The Midnight Entity's return in "The Well" received mixed responses from critics. Several critics highlighted the choice to keep it unseen, allowing its core mystery to remain intact. Den of Geek's Stefan Mohammed regarded that the episode added just enough details regarding the creature to make the episode feel worthwhile to viewers without removing the mystery behind it. Newsweek's Ryan Woodrow praised its return, highlighting the story for showing the impact the Entity made on the Doctor in "Midnight" as well as for keeping its mystique intact.
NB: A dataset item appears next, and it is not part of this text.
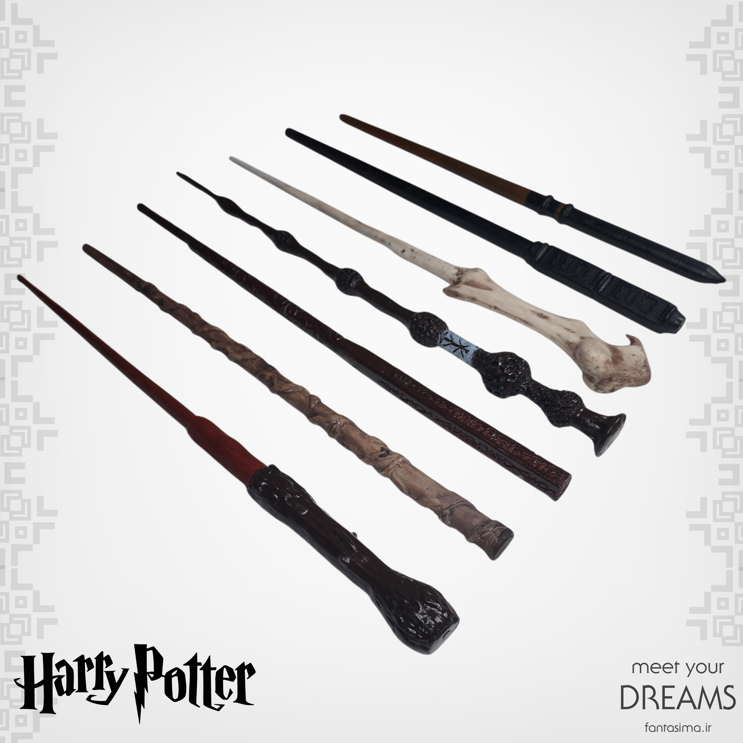 • چوبدستی ها در کارگاه فانتزیما رنگ آمیزی شدن و تلاش کردیم همون طور که در عکس میبینید مشابه فیلم باشن.

Vicky Jessop, writing for the London Evening Standard, opined that while the twist of the creature's return was exciting, the episode did not follow up well on the reveal. IGNs Robert Anderson felt that while the story was able to expand upon the Entity without rehashing "Midnight", the Entity felt less "unknowable", and due to the change in how the creature functioned, the return felt to Anderson as "unnecessary at best, and actively disappointing at worst."